■ Stored items from a collection
= Beginning of Section =

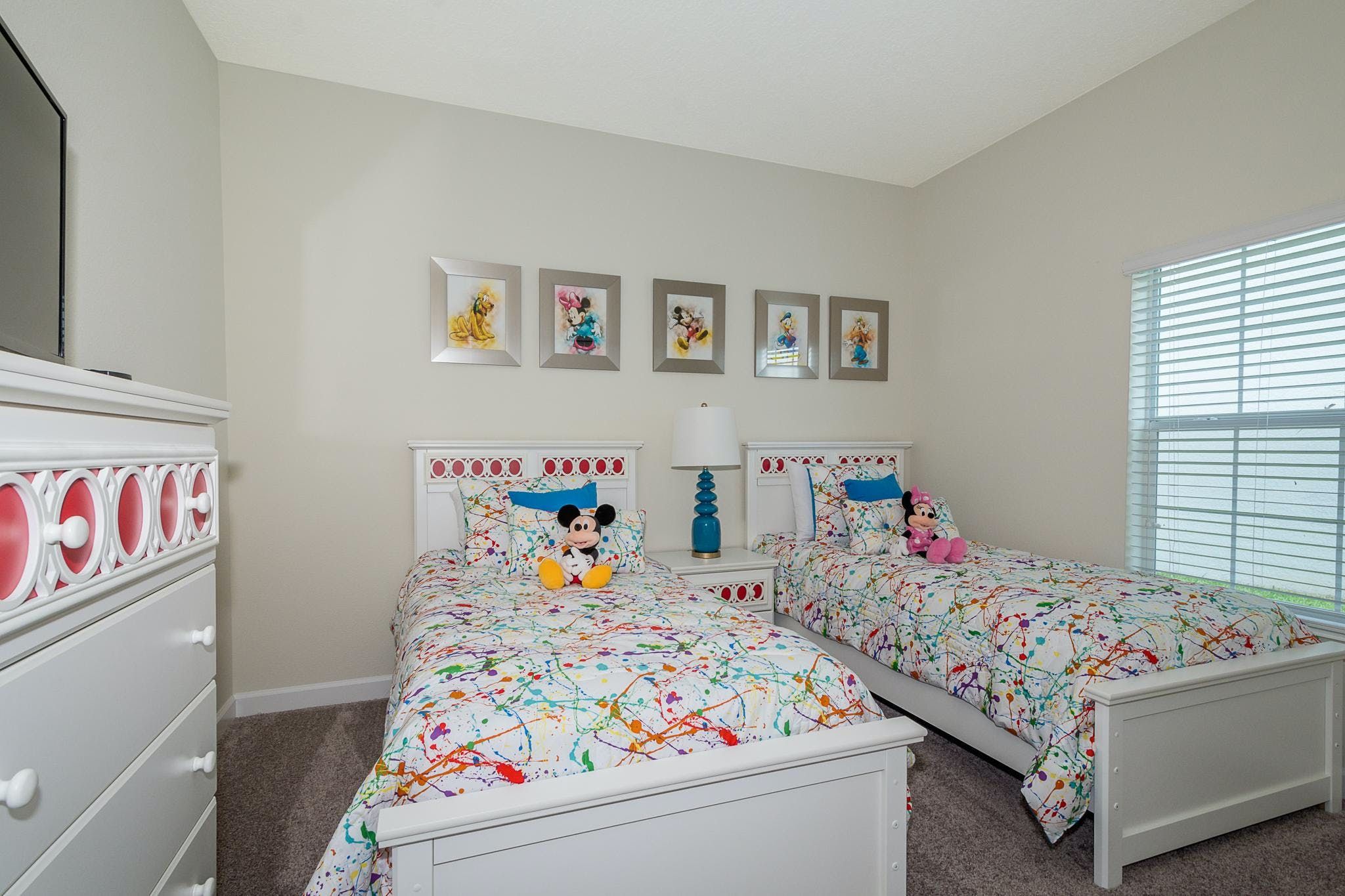 This brand new vacation rental is a stunning 5-bedroom, 4-bathroom property with a private pool and water view. The property is located in the prestigious Champions Gate Resort, which is surrounded by golf courses and tennis courts. The bedrooms are split between the first and second floors, with two bedrooms on the first floor (one queen bedroom and one bedroom with two twin beds) and three more on the second floor (two king suites and one bedroom with a bunk bed). The resort offers a range of amenities, including two pools (one with a lazy river), a restaurant, gym, business center, game room, cinema, and more. This is the perfect location for families or groups of friends looking to enjoy all that Florida has to offer in style and luxury.
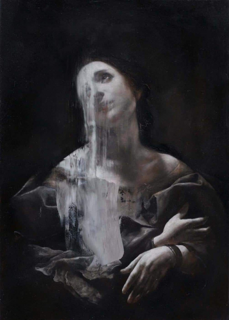 После рассмотрения влияния европейского искусства на творчество Николы Самори, следует перейти к изучению его эксперементальных техник, где сочетается созидание и деконструкция, форменное и бесформенное, мрачное и завораживающее. Художник возвращается к излюбленным сюжетам искусства XVI–XVII века, но не просто воспроизводя их с высокой точностью, а трансформируя через призму своих чувств. Начав фактически с точного воспроизведения работ прошлого, художник выражает свое концептуальное творчество через специфическое вмешательство в живописную материю, которое выливается в трехмерное — почти скульптурное — воплощение его работ [7]. Интервенции в виде царапин, соскрябывания, разломов, размазывания порождают постоянное столкновение между смазанными и четкими образами, их созиданием и деконструкцией. Эти деструктивные действия, совершаемые над живописной основой, могут быть интерпретированы как механизмы, характеризующие концептуальное творчество художника.
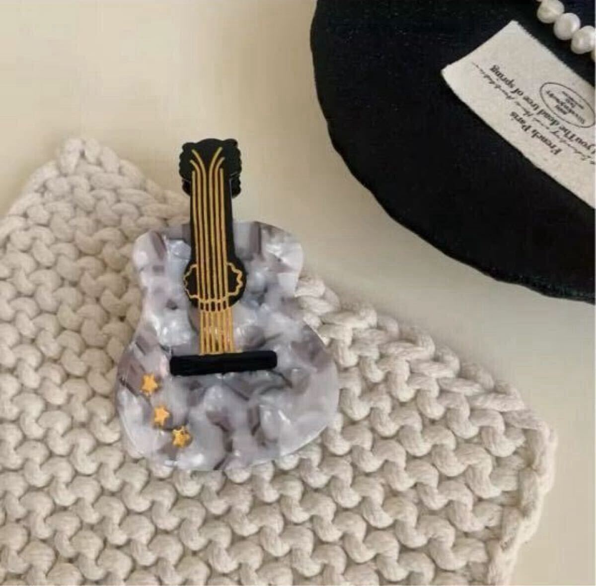 - ギター 楽器 音楽 ヘアクリップ バンスクリップ ヘアアクセサリー バレッタ マーブル グレー系
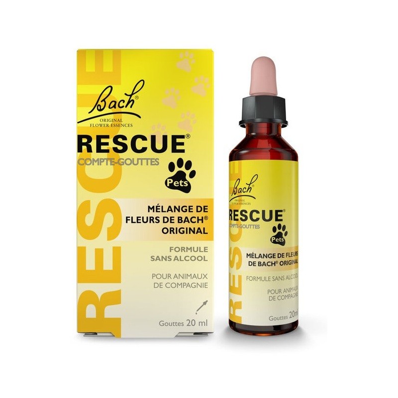 Bach Rescue Pet Dropper 20 ml is a dietary supplement for pets. Bach Rescue Pet Dropper helps to manage stress and strong emotions in our pets on a daily basis. Composed of 5 essences Bach Flower Original developed by Doctor Bach in the 1930s, Rescue is the emergency solution to help our little friends stay calm in all circumstances. This alcohol-free formula is suitable for all pets.
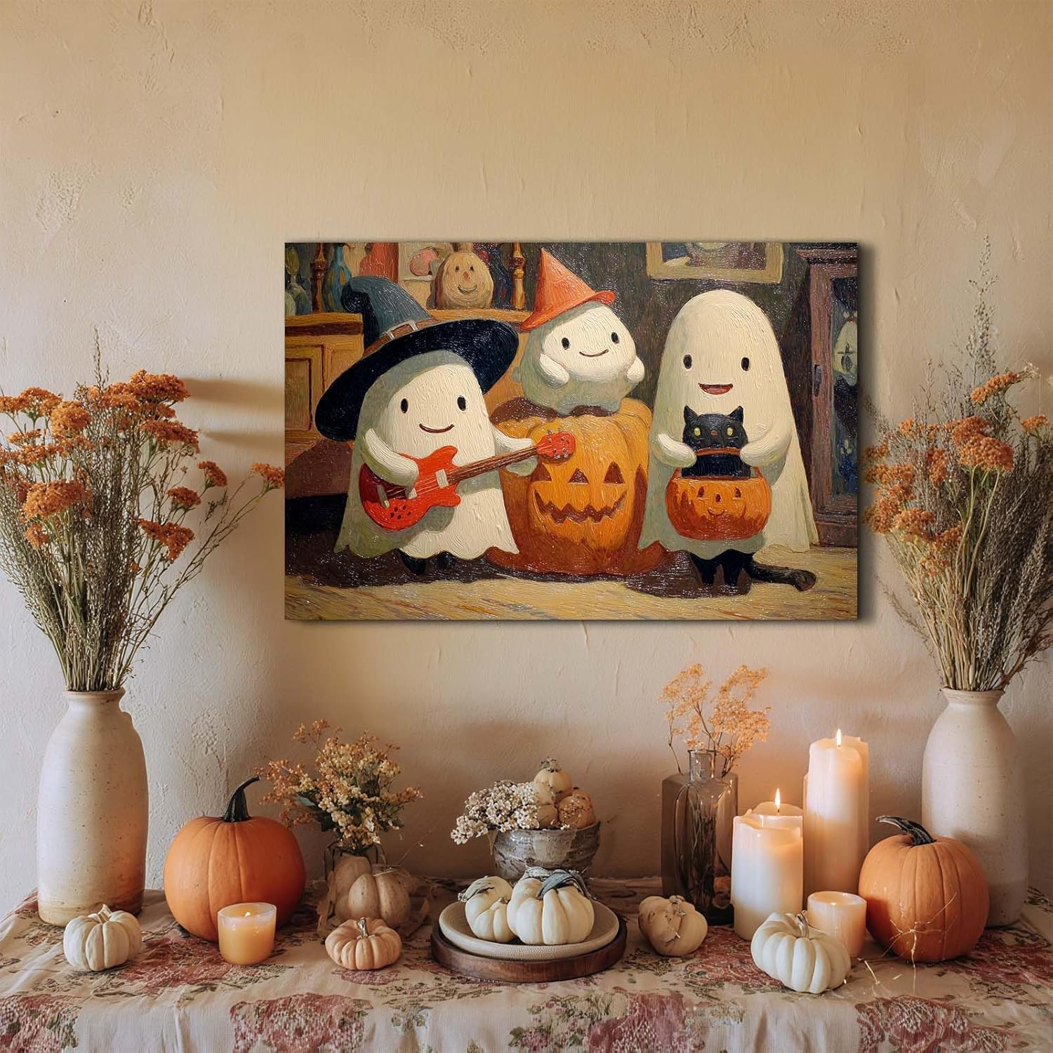 - This cute ghost canvas captures the joy of autumn's arrival. Bring this cute ghost canvas wall art into your home, and it will add a unique touch of color to your living space
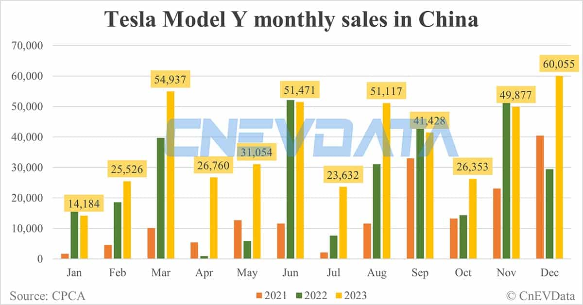 Tesla Dec sales in China: Model 3 at 15,750, Model Y at 60,055

= End of Section =

■ TASK PROMPT
Please make an exact copy of the records, leaving out any picture.

■ RESULT
 This brand new vacation rental is a stunning 5-bedroom, 4-bathroom property with a private pool and water view. The property is located in the prestigious Champions Gate Resort, which is surrounded by golf courses and tennis courts. The bedrooms are split between the first and second floors, with two bedrooms on the first floor (one queen bedroom and one bedroom with two twin beds) and three more on the second floor (two king suites and one bedroom with a bunk bed). The resort offers a range of amenities, including two pools (one with a lazy river), a restaurant, gym, business center, game room, cinema, and more. This is the perfect location for families or groups of friends looking to enjoy all that Florida has to offer in style and luxury.
 После рассмотрения влияния европейского искусства на творчество Николы Самори, следует перейти к изучению его эксперементальных техник, где сочетается созидание и деконструкция, форменное и бесформенное, мрачное и завораживающее. Художник возвращается к излюбленным сюжетам искусства XVI–XVII века, но не просто воспроизводя их с высокой точностью, а трансформируя через призму своих чувств. Начав фактически с точного воспроизведения работ прошлого, художник выражает свое концептуальное творчество через специфическое вмешательство в живописную материю, которое выливается в трехмерное — почти скульптурное — воплощение его работ [7]. Интервенции в виде царапин, соскрябывания, разломов, размазывания порождают постоянное столкновение между смазанными и четкими образами, их созиданием и деконструкцией. Эти деструктивные действия, совершаемые над живописной основой, могут быть интерпретированы как механизмы, характеризующие концептуальное творчество художника.
 - ギター 楽器 音楽 ヘアクリップ バンスクリップ ヘアアクセサリー バレッタ マーブル グレー系
 Bach Rescue Pet Dropper 20 ml is a dietary supplement for pets. Bach Rescue Pet Dropper helps to manage stress and strong emotions in our pets on a daily basis. Composed of 5 essences Bach Flower Original developed by Doctor Bach in the 1930s, Rescue is the emergency solution to help our little friends stay calm in all circumstances. This alcohol-free formula is suitable for all pets.
 - This cute ghost canvas captures the joy of autumn's arrival. Bring this cute ghost canvas wall art into your home, and it will add a unique touch of color to your living space
 Tesla Dec sales in China: Model 3 at 15,750, Model Y at 60,055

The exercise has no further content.